## ASSIGNED TASK
Below is a listing to write out in full, exactly as given, without its pictures.

## DATA SEGMENT
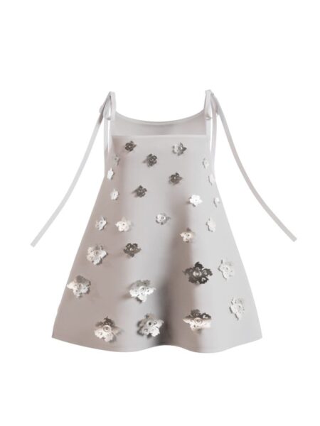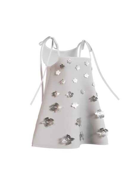 Debby 白色吊帶銀色花卉造型短裙 – FabriX
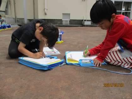 あさがおの芽が出て、子供たちは大喜び。どんな葉っぱなのかよく見て観察しました。
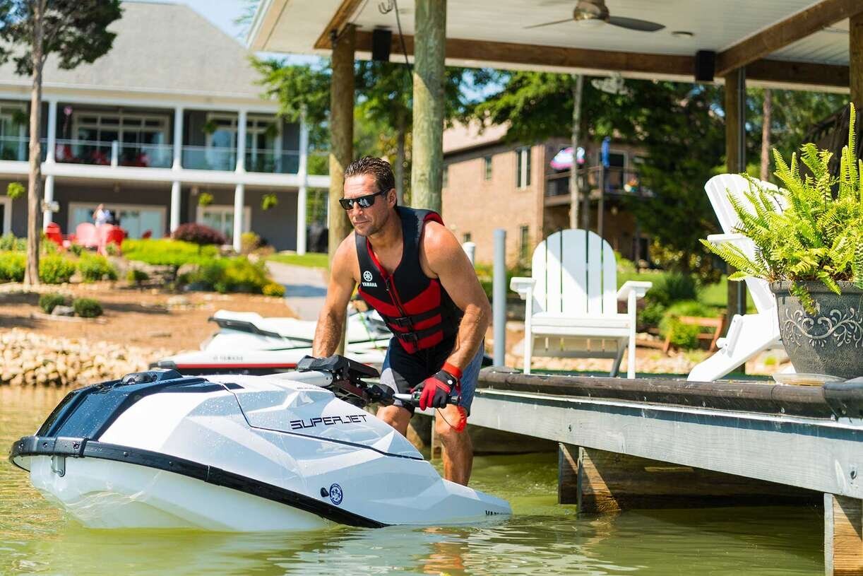 Here to answer the call, the Yamaha SuperJet is ready to challenge the next generation of stand-up riders with a torquey four-stroke Yamaha marine engine and nimble performance hull. No longer reserved for professional racers and requiring a racing licence, the SuperJet was made for freestyle riding.
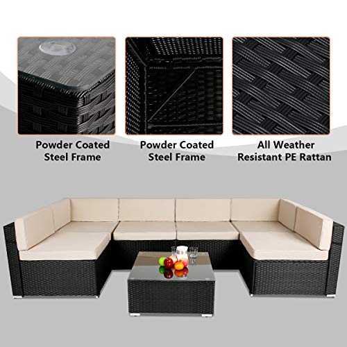 • U-MAX 7 Piece Outdoor Patio Furniture Set, Black PE Rattan Wicker Sofa Set, Outdoor Sectional Furniture Chair Set with Cushions and Tea Table, Black

## RESPONSE TO THIS EXERCISE
 Debby 白色吊帶銀色花卉造型短裙 – FabriX
 あさがおの芽が出て、子供たちは大喜び。どんな葉っぱなのかよく見て観察しました。
 Here to answer the call, the Yamaha SuperJet is ready to challenge the next generation of stand-up riders with a torquey four-stroke Yamaha marine engine and nimble performance hull. No longer reserved for professional racers and requiring a racing licence, the SuperJet was made for freestyle riding.
 • U-MAX 7 Piece Outdoor Patio Furniture Set, Black PE Rattan Wicker Sofa Set, Outdoor Sectional Furniture Chair Set with Cushions and Tea Table, Black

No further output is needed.